With new home construction hitting a million new starts a year for the first time since 2008, a national forest management firm reports that timber prices for large standing trees are rising off the bottom and lumber is starting to soar.
Marshall Thomas, president of F&W Forestry Services, Inc., based in Albany, Ga., said timber prices are increasing in all of his company’s operating regions: the U.S. southern pine belt, the Appalachian central hardwood region, and the Northeast. The company also operates in South America.
“Stumpage (standing trees) prices were mostly up across our operating regions during the first quarter of 2013, continuing the trend from late last year,” Thomas writes in his firm’s publication, the F&W Forestry Report, that reports on national forestry developments. “That’s good news, and it’s about time that we are seeing increases quarter-over-quarter.

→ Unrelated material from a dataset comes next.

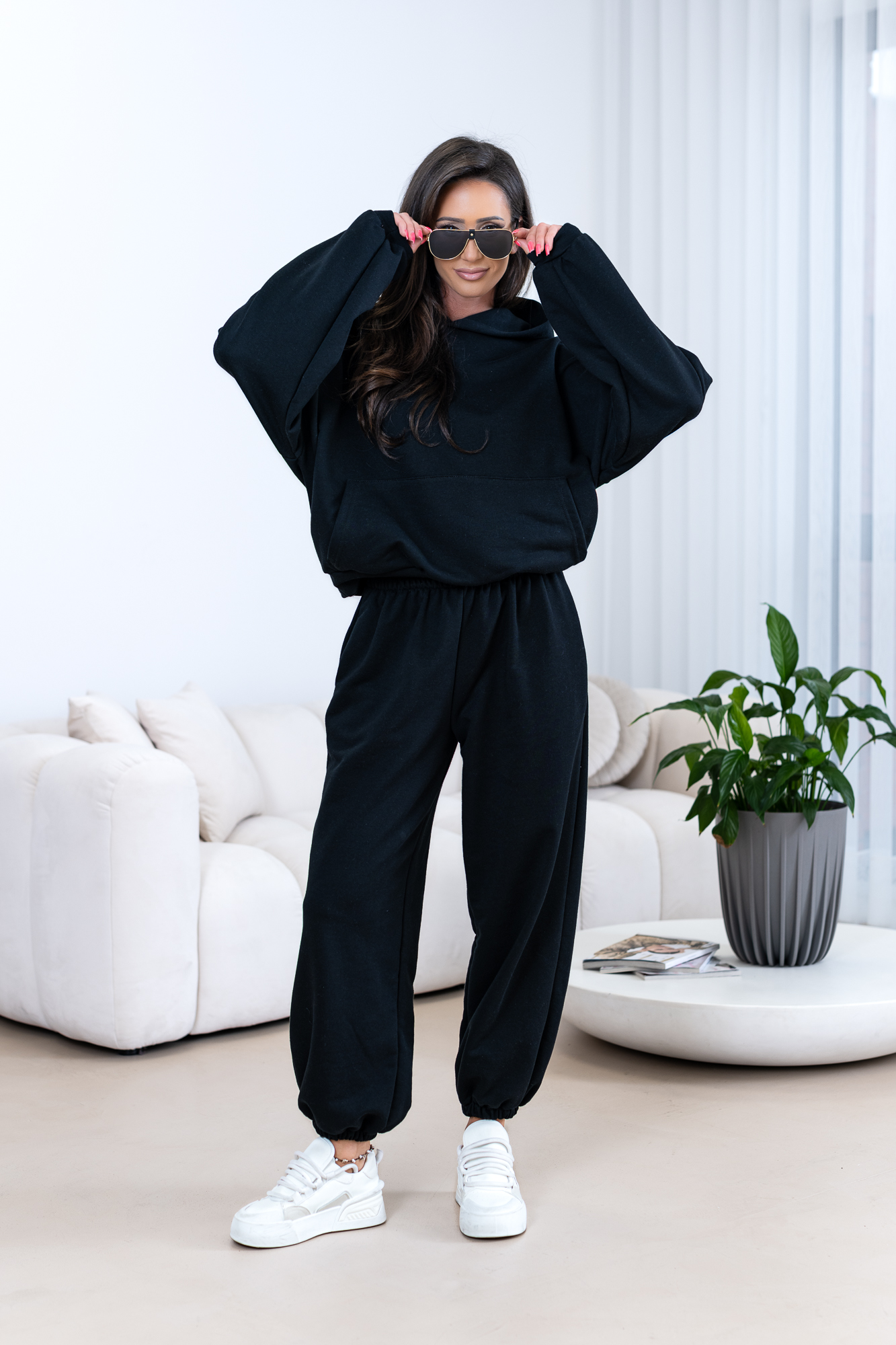 Kompletny zestaw uszyty z najwyższej jakości bawełnianej dzianiny, która jest wyjątkowo przyjemna w noszeniu i otula. W skład kompletu wchodzi nasza viralowa, oversize’owa bluza kangurka z kapturem oraz luźne spodnie baggy z gumką w pasie i na nogawkach.

“The best news, however, is that southern pine lumber prices jumped 36 percent in the first quarter over last year’s average,” Thomas said. “That’s a sure sign of increasing demand.”
The U.S. Commerce Department reported that housing starts in March rose to an annualized rate of 1.04 million—the first time that measure has broken a million since 2008. Most of the increase was in multi-unit housing structures. Individual home starts were down slightly from February at an annualized rate of 619,000. The overall strong March housing construction statistics come at the beginning of the prime spring home-buying season and point to a sustained comeback in home construction.